### [PROVIDED DATA]
────────────────────────────────────────

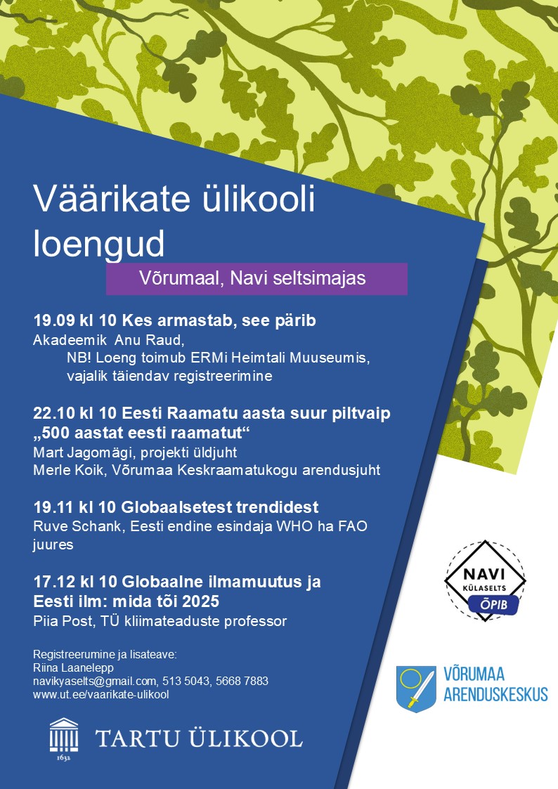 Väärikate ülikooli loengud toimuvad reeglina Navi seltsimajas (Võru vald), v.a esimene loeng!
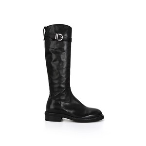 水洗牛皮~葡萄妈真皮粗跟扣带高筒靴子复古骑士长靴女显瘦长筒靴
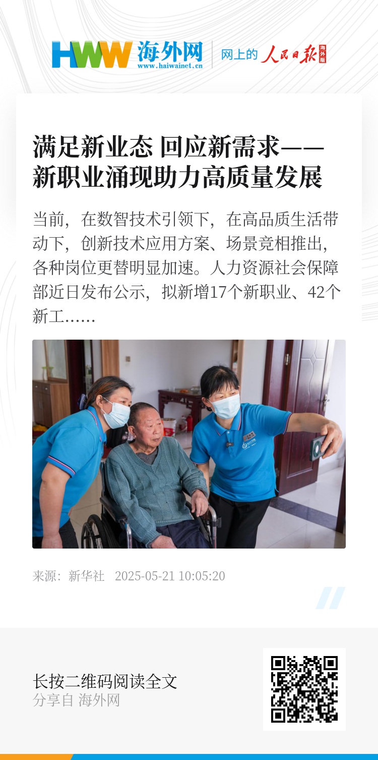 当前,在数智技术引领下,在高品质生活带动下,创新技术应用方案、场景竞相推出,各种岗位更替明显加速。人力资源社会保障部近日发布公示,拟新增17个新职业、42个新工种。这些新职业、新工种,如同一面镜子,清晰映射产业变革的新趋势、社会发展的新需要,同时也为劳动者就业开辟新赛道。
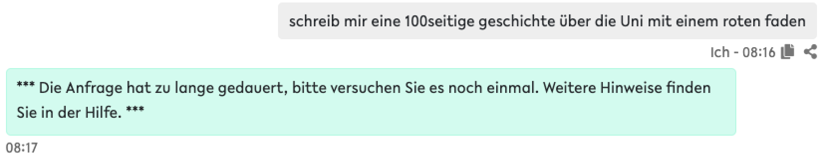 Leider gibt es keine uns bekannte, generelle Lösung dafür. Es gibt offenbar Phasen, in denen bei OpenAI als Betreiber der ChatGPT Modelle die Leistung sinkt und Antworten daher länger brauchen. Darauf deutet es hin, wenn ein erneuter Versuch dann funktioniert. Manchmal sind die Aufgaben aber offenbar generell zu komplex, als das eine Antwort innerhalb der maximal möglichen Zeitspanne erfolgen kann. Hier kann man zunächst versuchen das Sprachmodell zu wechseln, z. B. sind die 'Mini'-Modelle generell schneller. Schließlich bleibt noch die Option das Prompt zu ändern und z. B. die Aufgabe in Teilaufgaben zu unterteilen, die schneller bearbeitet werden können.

────────────────────────────────────────

Nothing but the text of the listing should be set down, exactly, with the pictures left behind.

### [RESULT]
 Väärikate ülikooli loengud toimuvad reeglina Navi seltsimajas (Võru vald), v.a esimene loeng!
 水洗牛皮~葡萄妈真皮粗跟扣带高筒靴子复古骑士长靴女显瘦长筒靴
 当前,在数智技术引领下,在高品质生活带动下,创新技术应用方案、场景竞相推出,各种岗位更替明显加速。人力资源社会保障部近日发布公示,拟新增17个新职业、42个新工种。这些新职业、新工种,如同一面镜子,清晰映射产业变革的新趋势、社会发展的新需要,同时也为劳动者就业开辟新赛道。
 Leider gibt es keine uns bekannte, generelle Lösung dafür. Es gibt offenbar Phasen, in denen bei OpenAI als Betreiber der ChatGPT Modelle die Leistung sinkt und Antworten daher länger brauchen. Darauf deutet es hin, wenn ein erneuter Versuch dann funktioniert. Manchmal sind die Aufgaben aber offenbar generell zu komplex, als das eine Antwort innerhalb der maximal möglichen Zeitspanne erfolgen kann. Hier kann man zunächst versuchen das Sprachmodell zu wechseln, z. B. sind die 'Mini'-Modelle generell schneller. Schließlich bleibt noch die Option das Prompt zu ändern und z. B. die Aufgabe in Teilaufgaben zu unterteilen, die schneller bearbeitet werden können.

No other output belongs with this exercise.